ATPE is proud to bring you this series of posts from your board members. The ATPE Board of Directors is made up of 20 regional members, who are elected by the members in their region; four state officers, who are elected annually by the entire House of Delegates at the ATPE Summit; and the most recent state past president. Today’s post is from Region 6 Director Charles Lindsey II.
Why did you get involved in a leadership role at ATPE?
I joined ATPE in 1983, three years after it was formed, after dissatisfaction with TSTA/NEA over what was known then as “unification.” I had held local and district office positions in the other association, and it was my desire to become an active member with ATPE. My first state convention was held in Region 1 with ATPE State Past President Sam Reed. I was hooked and have never looked back.

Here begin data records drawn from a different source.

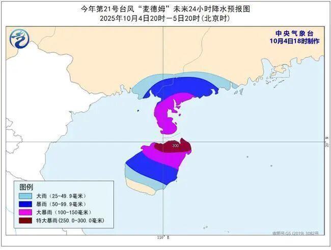 降水預報:4日夜間到5日白天,海南島大部有大到暴雨,其中海南島北部有大暴雨,局地特大暴雨(250~300毫米);5日白天,廣東西南部、廣西東南部有大到暴雨,局地有大暴雨。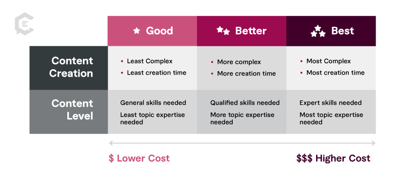 Our team has rated content type examples in three degrees of quality (Good, Better, Best) to help you better gauge resources needed for your content plan. In general, the degrees of content quality correspond to our three content levels (General, Qualified, Expert) based on the criteria below. Please consider there are multiple variables that could determine the cost, completion time, or content level for any content piece with a perceived degree of quality.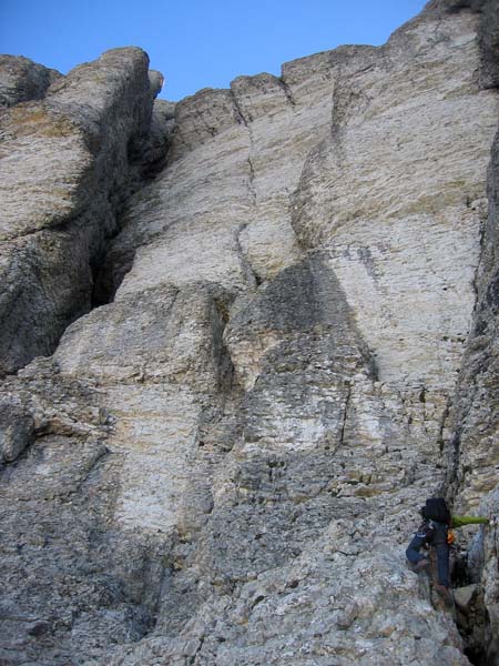 Petits pas de grimpe facile pour rejoindre la vire supérieure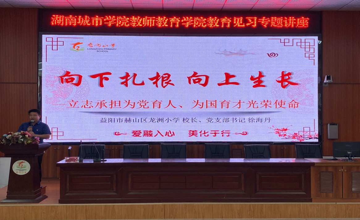 最后,龙洲小学董事长徐海丹在报告厅为师范生做讲座,徐董事长分析了当今国家和社会的优秀教团队源不足,希望在座的学子立志承担为党育人、为国育才的光荣使命,深入了解教育的意义,珍惜韶华,活在当下,勇担时代重任,向未来的老师们寄托殷切期望。他向我们介绍了龙洲小学的创办历史、发展历程、团队队伍,解说了“以爱育爱,以美求美”的办学理念和“培养家国情怀、国际视野的现代公民”的育人目标。“做教育要脚踏实地,仰望星空”徐董事长引用温家宝总理的话,他强调,既要埋头拉车,又要抬头看路。讲座现场气氛轻松活跃,在热烈的掌声中圆满落下帷幕。

Since that time, I have served ATPE as a campus rep, local unit president for two different local units, region president, and a member of the board of directors. I have always held the belief that if I am going to join an organization, I want to be involved and work with others to make our association even better.
What is your favorite part of serving on the ATPE board?

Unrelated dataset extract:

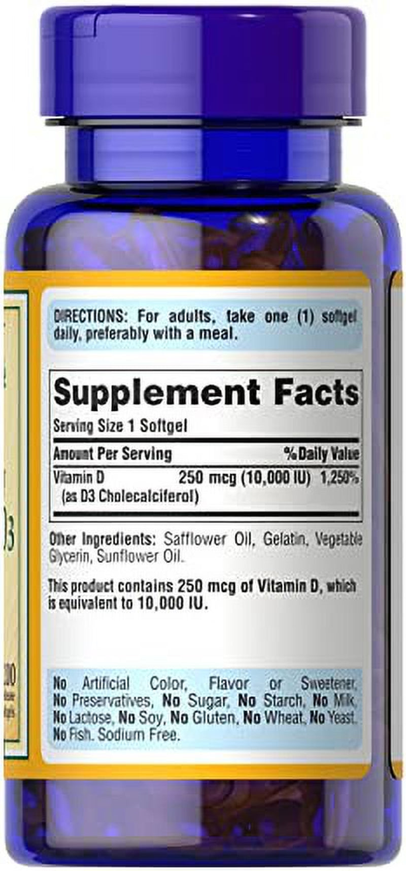 Puritan's Pride Vitamin D3 250 mcg (10,000 IU)-200 Softgels, White

Serving on the board has been a great experience. For me, the best part is the friendship and camaraderie that develops as we come together from different areas of the state with one goal in mind—what can we as a board do to help in the process of continuing to grow our association? Although we may have different ideas about how to approach a situation, after thoughtful discussion and debate, we reach a decision that can be supported by all.
How has being on the board helped your region?

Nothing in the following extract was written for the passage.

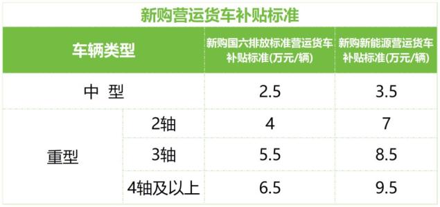 其中,购买国家六大排放标准运输卡车或新能源运输卡车补贴标准见表2。报废旧运输卡车提前报废不到一年的,可以申请运输卡车补贴。

Being on the board gives my region, Region 6, an equal voice in the decision-making process. At a board meeting, no region, regardless of size or number of members, has a greater voice than any other region. It has also given me the opportunity to reach out even more, to all our members in the region, to seek the members’ thoughts, ideas, suggestions, or concerns. I use this information to support my position in my votes during a board meeting.
What advice would you give to others who might be interested in serving on the board?
If you’re interested, go for it! Don’t hesitate to throw your name in the mix to seek that position. You will find it one of the most rewarding experiences in your professional career. You become one of the decision makers for the association, develop a closer relationship with the ATPE staff, and you have a sense of accomplishment in the work that is done on the board. If you have the desire, you have what it takes to serve on the board.
Can you share something fun about yourself that our members might not know?
I don’t know where or how to begin to answer this question. Perhaps one thing I can share is that I am color blind. This is something I have had to live with and I accept. Sometimes I wear things that don’t match, and that’s okay; maybe I’m trying to start a new trend. In our meetings, I have a difficult time when we have slides or documents that have all these different colors on them and I am trying to determine just what all of that “mess” is trying to show. I guess I can consider myself unique in that way. I think of myself as a light-hearted person in everything that I do. I have fun and a good time when I can, but am serious when I need to be.